If we want confidence intervals, we could then type:

confint(fit2, level=0.95)

By default R will use the lowest category of bmi_fact as the reference in a regression. But this category is the smallest and hence it is not a good reference category as all comparisons with it will have large confidence intervals. We can change the reference category using the ‘relevel’ function:
white.data<-within(white.data,bmi_fact<-relevel(bmi_fact,ref=2))

Then we fit the same linear regression again:
> fit2 <- lm(sbp ~ bmi_fact, data=white.data)
> summary(fit2)
> confint(fit2, level=0.95)

Question 1.3b: Using the new reference category of BMI group=2, what conclusions do you make about the relationship between SBP and BMI groups based on the regression output given by summary(fit2)?

Answer

Call:
lm(formula = sbp ~ bmi_fact, data = white.data)

Residuals:
    Min      1Q  Median      3Q     Max 
-43.366 -12.239  -1.570   9.634 100.430 

Coefficients:
            Estimate Std.
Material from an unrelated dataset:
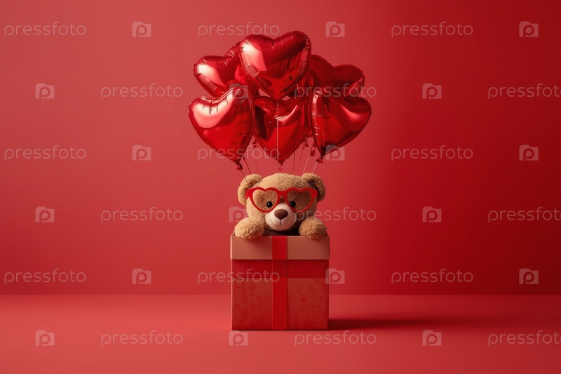 Концепция Дня святого Валентина. Минимализм. Подарок с плюшевым медведем и воздушными шарами на красном студийном фоне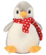 El adorable pingüino Zippie es perfecto para abrazar en los días fríos de invierno. Confeccionado en suave peluche gris y blanco, este pingüino tiene un llamativo pañuelo de punto a rayas que le da un toque de colour. Sus ojos cosidos, pies y pico en contraste lo hacen aún más encantador. Además, cuenta con un panel blanco en la barriga ideal para personalizar con bordados o estampados.

Error t value Pr(>|t|)    
(Intercept) 129.5695     0.4134 313.389  < 2e-16 ***
bmi_fact1    -2.9095     2.5088  -1.160 0.246221    
bmi_fact3     1.7966     0.5638   3.187 0.001449 ** 
bmi_fact4     3.6698     0.9926   3.697 0.000221 ***

Signif. codes:  0 ‘***’ 0.001 ‘**’ 0.01 ‘*’ 0.05 ‘.’ 0.1 ‘ ’ 1
> confint(fit2, level=0.95)
                  2.5 %     97.5 %
(Intercept) 128.7589451 130.380083
bmi_fact1    -7.8280063   2.008978
bmi_fact3     0.6913165   2.901901
bmi_fact4     1.7239246   5.615770

Looking at the output above, the average level of SBP increases as BMI groups get higher. For a BMI group 4 (obese) compared to BMI group 2 (normal weight), the average SBP is 3.7 mmHg higher (95% CI: 1.7-5.6, p<0.001).